Another slight inconvenience is, currently it's the Operations module that defines the telemetry events shape - via Operations.telemetry_hit() and Operations.telemetry_miss() functions. As you've pointed out, @moduledocs false makes the API effectively private. I think it would be good to have those functions extracted to a separate module, such as ConCache.Telemetry - so that the clients can subscribe to events without having to manually duplicate the event lists without having to worry about breaking changes later on.

I recall Oban changing the telemetry event shape under a minor release at some point. That's what I'd like to avoid from the client perspective here - the telemetry is in fact an integration contract.

WDYT?

@sasa1977
Copy link
Owner

sasa1977 commented Apr 3, 2024

I guess what's not really ideal with this approach is, the telemetry arrives with %{cache: %ConCache{}} metadata and the cache_id is nowhere to be found, since it's effectively discarded at ConCache module level. On the metrics collection end, we're mainly interested in being able to associate the stats with cache_id.

Yeah, good point! We should include cache id too, which I think can be done if we propagate the id to the lower-level operations.

I think it would be good to have those functions extracted to a separate module, such as ConCache.Telemetry - so that the clients can subscribe to events without having to manually duplicate the event lists without having to worry about breaking changes later on.

You can do that as a part of this PR, to keep it focused. But my goal immediately after is to merge everything inside ConCache. There's just too little stuff here to justify the split, and the fact that we have this split now forces us to add more "micromodules".

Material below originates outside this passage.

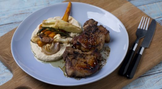 Serpenyős Csontos Karaj Zöldsegpürével És Sült Zöldséggel
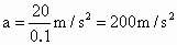 2000年8月18日,新闻联播中报道,我国空军研究人员在飞机零高度、零速度的救生脱险方面的研究取得成功.报道称:由于飞机发生故障大多数是在起飞、降落阶段,而此时的高度几乎为零高度.另外在飞行过程中会出现突然停机现象,在这种情况下,飞行员脱险非常困难,为了脱离危险飞行员必须在0.1s的时间内向上弹离飞机,若脱离飞机的速度为20m/s,试判断一下弹离过程中的加速度是______

there must be some bug in global TTL eviction. We've observed an uncontrolled size growth on one of the application nodes

This is worrying. A few possible explanations that come to mind:

  1. Normal behavior - ttl doesn't always guard against the cache growth. It only ensures that the items are purged after the last write (or read if you turn on touch on read). If you frequently extend item's ttl, the cache may grow indefinitely.
  2. Owner overload - expiry is done by the owner process (https://github.com/sasa1977/con_cache/blob/1.0.0/lib/con_cache/owner.ex). If the cache size is large, the owner might not be able to keep up. How many items do you have in the cache?
  3. Some actual bug in the expiry logic. This is always a possibility, but it wouldn't be my first bet, given that the library has been used in production, and it hasn't changed much in the past 10 years.

1 or 2 would be my first suspects. Just glancing at the code, I see one possible issue: the owner process performs isolated (i.e. locked) deletes for every item that needs to be expired. In a large cache this might be too slow, causing the owner to lag increasingly.

@aerosol
Copy link
Contributor Author

aerosol commented Apr 4, 2024

Yeah, good point! We should include cache id too, which I think can be done if we propagate the id to the lower-level operations.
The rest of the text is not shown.